**What is required:** For the entries below, return the line holding "Comunicado UTB 3-09-2024 Segunda Postulación" together with all lines after it, unchanged, and leave every picture out.
START Data to examine
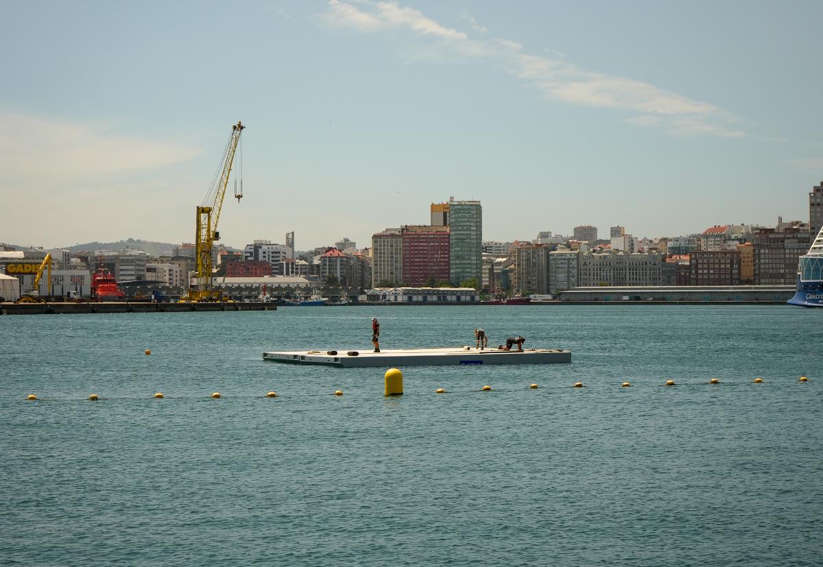 A Xunta vén de iniciar hoxe a instalación dos pantaláns da plataforma flotante que está a habilitar na zona do Parrote, na Coruña.
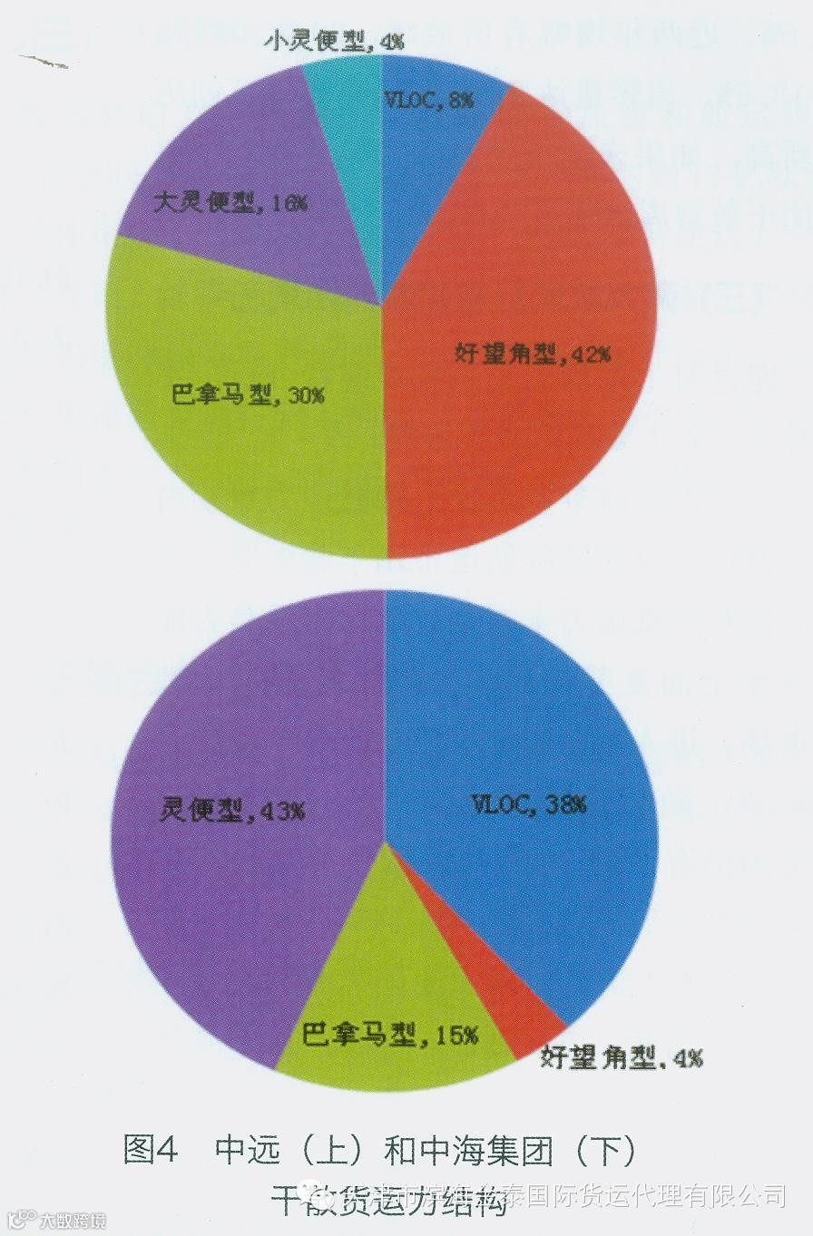 2。船队结构状况 中远干散货船队多为20万吨以下的船舶,好望角型船舶所占比重最大(见图4)。在当前市场环境下,好望角型与巴拿马、灵便型相比不具备运距优势,与VLOC相比不具备单位成本优势。从2011年年末开始,巴西淡水河谷的货主船队进入中国市场,如果大规模投放40万吨级矿石船,将会使18万吨级好望角船舶严重过剩和闲置,对中远无异于雪上加霜。中远集团近期订造的散货船均为 小吨位船舶,这意味着未来中远集团超大型散货船有所欠缺,发挥规模经济空间不足。而中海集团在船队发展计划中着重突出船舶的大型化和现代化,其干散货运力以VLOC和灵便型为主,好望角型只占4%(见图4)。虽然大规模的VLOC船队会对集团的揽货能力提出挑战,但在运价低迷的市场环境下VLOC可以维持较低的成本,并且在一定程度上抵御来自货主自有船队的挑战。
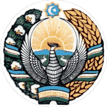 烏茲別克斯坦國徽呈圓形,圓面上有一隻展翅的吉祥鳥,背景是冉冉升起的太陽和碧綠的原野,圓面上端為一顆八角星,星內繪有一彎新月和一顆五角星,圓周兩側為國旗顏色之飾帶捆束的棉桃和麥穗。
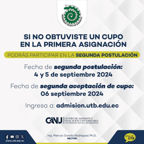 Comunicado UTB 3-09-2024 Segunda Postulación
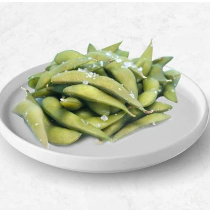 vaina de frijol de soya al vapor con sal de mar o preparados con togarashi
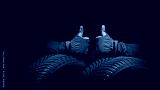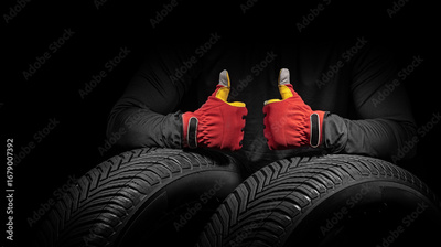 Winter car tires service and hands of mechanic with wrench, screwdriver on black background.
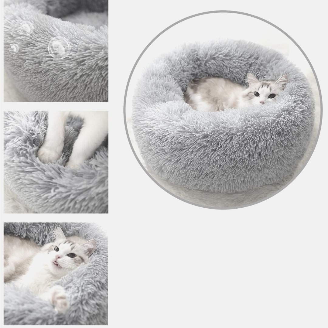 Wuudi bed for cat, dog cushion fluffy cat bed set with blanket, round cat bed plush dog bed 2 pieces soft warm pet bed + pet blanket for cats and small (light gray)
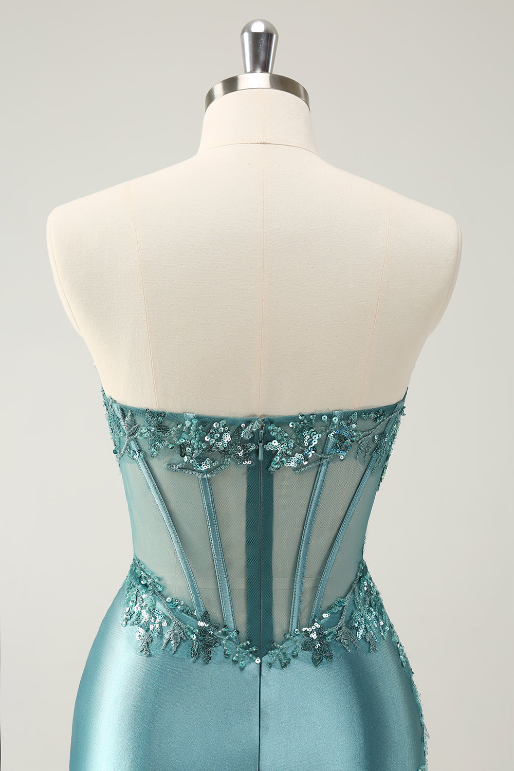 Glitter Peacock Bodycon Strapless Corset Appliques Graduation Dress
END Data to examine
**Result below:**
 Comunicado UTB 3-09-2024 Segunda Postulación
 vaina de frijol de soya al vapor con sal de mar o preparados con togarashi
 Winter car tires service and hands of mechanic with wrench, screwdriver on black background.
 Wuudi bed for cat, dog cushion fluffy cat bed set with blanket, round cat bed plush dog bed 2 pieces soft warm pet bed + pet blanket for cats and small (light gray)
 Glitter Peacock Bodycon Strapless Corset Appliques Graduation Dress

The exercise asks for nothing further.